Nicox SA (Euronext Paris: FR0013018124, COX), an international ophthalmology company, today provided a business update and highlighted recent progress with key programs and activities.

As expected, the first half of 2018 has seen important progress with our primary research and development projects,” said Michele Garufi, Chairman and Chief Executive Officer of Nicox.In addition, we know that Bausch + Lomb are putting significant efforts into the marketing of VYZULTA in the United States, with May prescriptions exceeding 4,400 scripts1. The manufacturing and scale-up of ZERVIATE is proceeding on track to support a fall 2018 commercial launch in the United States.

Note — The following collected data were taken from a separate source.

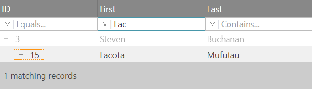 Furthermore, filtering causes collapsed hierarchies to expand and reveal matches, but will properly restore their expansion state once filters are cleared. Changes to the expansion state made while the records are filtered will override the persisted expansion state.
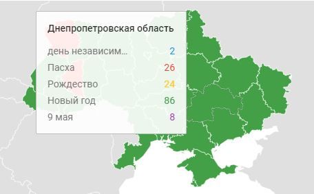 Мы сравнили популярность Дня независимости и перечисленных президентом праздников за 2016 год, добавив к общему списку 9 мая - День победы. В целом по Украине предпочтения разделились так:
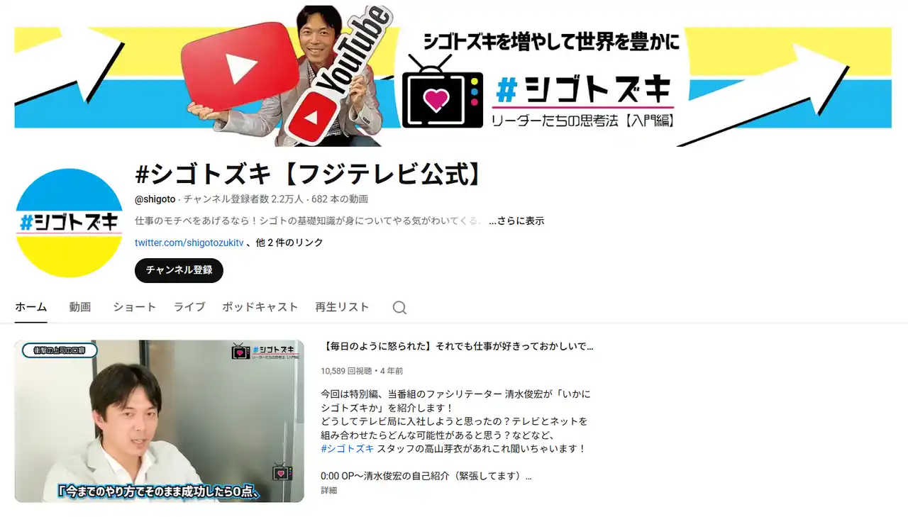 「#シゴトズキ」は、清水 俊宏氏がファシリテーターを務めるフジテレビ公式YouTubeチャンネルです。ビジネスパーソンやこれから社会に出る若者に向け、仕事の思考法やスキルを伝える経済番組として、様々な業界の第一線で活躍する経営者やリーダーを「シゴトズキマイスター」としてゲストに招き、インタビュー形式で彼らの成功体験や失敗談、仕事への哲学を深掘りします。 |
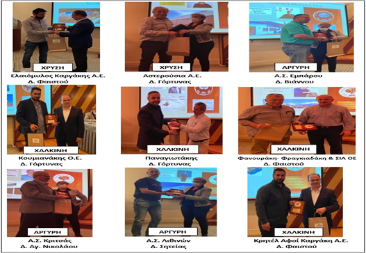 ΧΡΥΣΕΣ απονεμήθηκαν στα ελαιοτριβεία: Αστερούσια ΑΕ ( Δ, Γόρτυνας), Α.Σ. Σταβιών ( Δ. Γόρτυνας), Ελαιόμυλος Καργάκης ΑΕ,( Δ. Φαίστου).
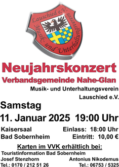 Der Musik- und Unterhaltungsverein Lauschied e.V. lädt zu Beginn des Jahres, am 11.01.2025, zum Neujahrskonzert der Verbandsgemeinde Nahe-Glan in den Kaisersaal Bad Sobernheim ein.
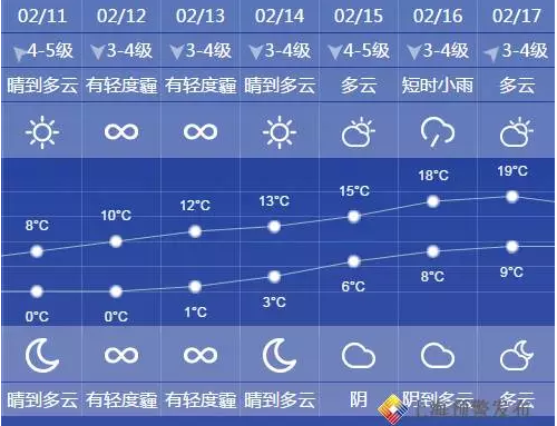 申城初雪过后,晴冷继续,从元宵节到情人节,虽然上海都是晴到多云的天气,但美中不足的是12、13日上海有轻度霾,最低温度也都徘徊在零度左右。
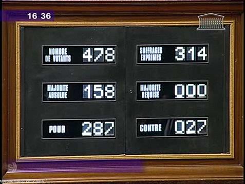 L'assemblée nationale a voté aujourd'hui la modification de l'article 11 de la Constitution, par 287 voix pour et 27 voix contre. Cette décision permettrait l'organisation d'un référendum d'initiative partagée, sur
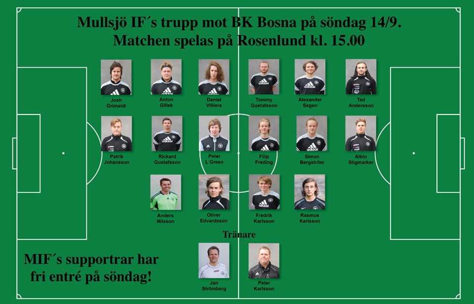 Det var inte mycket som stämde för Mullsjö idag när man mötte BK Bosna på Rosenlund. 3-1 blev slutresultatet och jag skulle vilja kalla det en kollektiv kollaps, tyvärr så möter vi ett ganska mediokert Bosna men ingen av Mullsjöspelarna kom upp i normal standard och resultatet var helt rättvist. Men vi glömmer denna matchen och ser framåt emot nästa Lördag då vi möter NIK hemma.
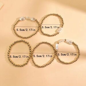 Elegant Gold Beaded Faux Pearl 5 Piece Bracelet Set
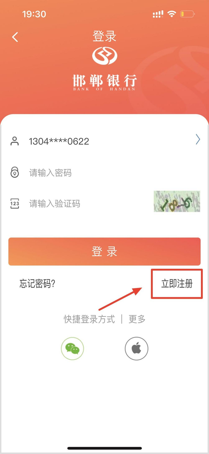 若您尚未开通邯郸银行手机银行,可点击【立即注册】(见图3红框),根据页面提示完成注册及添加银行卡操作。
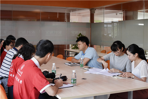 电子商务服务中心负责人与团队成员交流

Preparations for the clinical studies evaluating NCX 470 for patients with glaucoma and NCX 4251 for patients with blepharitis are progressing as planned to support IND submissions during the third quarter of this year and first quarter of next year, respectively. Moreover, we have initiated our collaboration with Ironwood Pharmaceuticals, Inc. focused on combining Ironwood’s expertise in soluble guanylate cyclase (sGC) and our proprietary NO-donating research platform to generate new molecules with therapeutic potential; as well as progressed in our collaboration with Re-Vana. We are therefore optimistic about the evolution of our entire pipeline in the near future.

Key Upcoming Milestones

  • July 2018: Revenue update for Q2 2018
  • Q3 2018: Planned U.S. Investigational New Drug (IND) submission for NCX 470 for the treatment of patients with glaucoma
  • Fall 2018: Expected ZERVIATETM U.S. commercial launch
  • Q1 2019: Planned U.S. IND submission for NCX 4251 for the treatment of patients with blepharitis

Progress on Key Activities

  • Commercialization of VYZULTA® in the United States. The product has now been in the market for over 6 months and Q2 2018 revenue for Nicox is expected to be announced in mid-July.
  • ZERVIATETM expected to be launched in the U.S. by our partner Eyevance Pharmaceuticals during fall of 2018. Indicated for the treatment of ocular itching associated with allergic conjunctivitis, ZERVIATETM is the first and only topical ocular formulation of cetirizine.
  • NCX 470 U.S. IND submission enabling Phase 2 clinical study in glaucoma patients planned in Q3 2018. NCX 470 is a novel second generation NO-donating prostaglandin analog in development for the reduction of IOP in patients with open-angle glaucoma or ocular hypertension.
  • Additional pre-IND meeting held on NCX 4251 supporting the U.S. IND submission enabling Phase 2 clinical study in blepharitis patients planned in Q1 2019. In June 2018, an additional pre-IND meeting, which addressed specific questions on the potential primary endpoints for the Phase 2 study, was held with the U.S. FDA. Based on the FDA comments from this and previous meetings, we are finalizing the design of a first in human Phase 2 clinical trial. NCX 4251 is a novel, patented ophthalmic suspension of fluticasone propionate which is being developed for the first time as a targeted topical treatment of the eyelids for patients with acute exacerbation of blepharitis.
  • Research Collaboration with Ironwood Pharmaceuticals, Inc. In June 2018, we announced that we had entered into a research collaboration agreement with Ironwood Pharmaceuticals, Inc., a commercial biotechnology company, focused on combining Ironwood’s expertise in soluble guanylate cyclase (sGC) and our proprietary nitric oxide (NO)-donating research platform to generate novel compounds in order to identify potential new therapeutics for the treatment of certain ophthalmic conditions.
  • Increasing the focusing of collaboration in extended release intraocular drug delivery for stand-alone NO-donors. We have decided to focus on our collaboration with Re-Vana Therapeutics concerning biodegradable extended release technologies and have discontinued the collaboration with Eyepoint Pharmaceuticals (previously pSivida) in this area.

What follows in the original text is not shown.